On 09/06/21 12:24, Vladimir sem*ntsov-Ogievskiy wrote:> Thanks, I'll base v4 of nbd patches on it.> > I now run make check. test-aio-multithread crashes on assertion:With the patch I've sent it doesn't, so hopefully you can go ahead.Paolo> (gdb) bt> #0 0x00007f4af8d839d5 in raise () from /lib64/libc.so.6> #1 0x00007f4af8d6c8a4 in abort () from /lib64/libc.so.6> #2 0x00007f4af8d6c789 in __assert_fail_base.cold () from /lib64/libc.so.6> #3 0x00007f4af8d7c026 in __assert_fail () from /lib64/libc.so.6> #4 0x000055daebfdab95 in aio_poll (ctx=0x7f4ae0000b60, blocking=true) > at ../util/aio-posix.c:567> #5 0x000055daebea096c in iothread_run (opaque=0x55daed81bc90) at > ../tests/unit/iothread.c:91> #6 0x000055daebfc6c4a in qemu_thread_start (args=0x55daed7d9940) at > ../util/qemu-thread-posix.c:521> #7 0x00007f4af8f1a3f9 in start_thread () from /lib64/libpthread.so.0> #8 0x00007f4af8e47b53 in clone () from /lib64/libc.so.6> (gdb) fr 4> #4 0x000055daebfdab95 in aio_poll (ctx=0x7f4ae0000b60, blocking=true) > at ../util/aio-posix.c:567> 567 assert(in_aio_context_home_thread(ctx == > iohandler_get_aio_context() ?> (gdb) list> 562 *> 563 * aio_poll() may only be called in the AioContext's thread. > iohandler_ctx> 564 * is special in that it runs in the main thread, but that > thread's context> 565 * is qemu_aio_context.> 566 */> 567 assert(in_aio_context_home_thread(ctx == > iohandler_get_aio_context() ?> 568 qemu_get_aio_context() : > ctx));> 569> 570 qemu_lockcnt_inc(&ctx->list_lock);

diff mbox series

Patch

diff --git a/include/block/aio.h b/include/block/aio.hindex 5f342267d5..744b695525 100644--- a/include/block/aio.h+++ b/include/block/aio.h@@ -643,7 +643,7 @@  static inline bool aio_node_check(AioContext *ctx, bool is_external) /** * aio_co_schedule:- * @ctx: the aio context+ * @ctx: the aio context, if NULL, the current ctx of @co will be used. * @co: the coroutine * * Start a coroutine on a remote AioContext.diff --git a/util/async.c b/util/async.cindex 674dbefb7c..750be555c6 100644--- a/util/async.c+++ b/util/async.c@@ -545,6 +545,14 @@  fail: void aio_co_schedule(AioContext *ctx, Coroutine *co) {+ if (!ctx) {+ /*+ * Read coroutine before co->ctx.
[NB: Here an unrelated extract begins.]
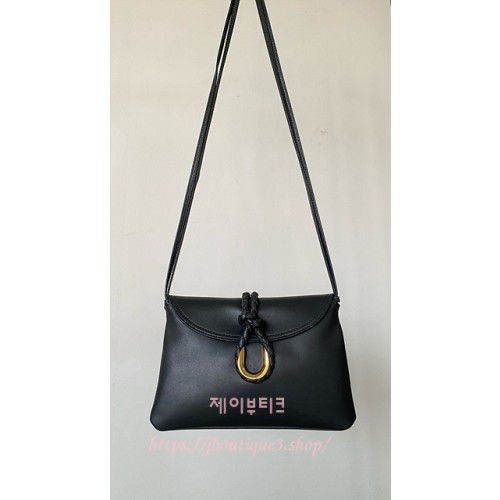 더블 플랩과 메탈 성분 및 위빙 코드로 구성된 잠금장치를 갖춘 부드러운 송아지가죽 소재의 스몰 크로스바디 백

Matches smp_wmb in+ * qemu_coroutine_enter.+ */+ smp_read_barrier_depends();+ ctx = qatomic_read(&co->ctx);+ } trace_aio_co_schedule(ctx, co); const char *scheduled = qatomic_cmpxchg(&co->scheduled, NULL, __func__);
[v3,06/33] util/async: aio_co_schedule(): support reschedule in same ctx (2024)
Top Articles
Latest Posts
Article information

Author: Fredrick Kertzmann

Last Updated:

Views: 5477

Rating: 4.6 / 5 (46 voted)

Reviews: 93% of readers found this page helpful

Author information

Name: Fredrick Kertzmann

Birthday: 2000-04-29

Address: Apt. 203 613 Huels Gateway, Ralphtown, LA 40204

Phone: +2135150832870

Job: Regional Design Producer

Hobby: Nordic skating, Lacemaking, Mountain biking, Rowing, Gardening, Water sports, role-playing games

Introduction: My name is Fredrick Kertzmann, I am a gleaming, encouraging, inexpensive, thankful, tender, quaint, precious person who loves writing and wants to share my knowledge and understanding with you.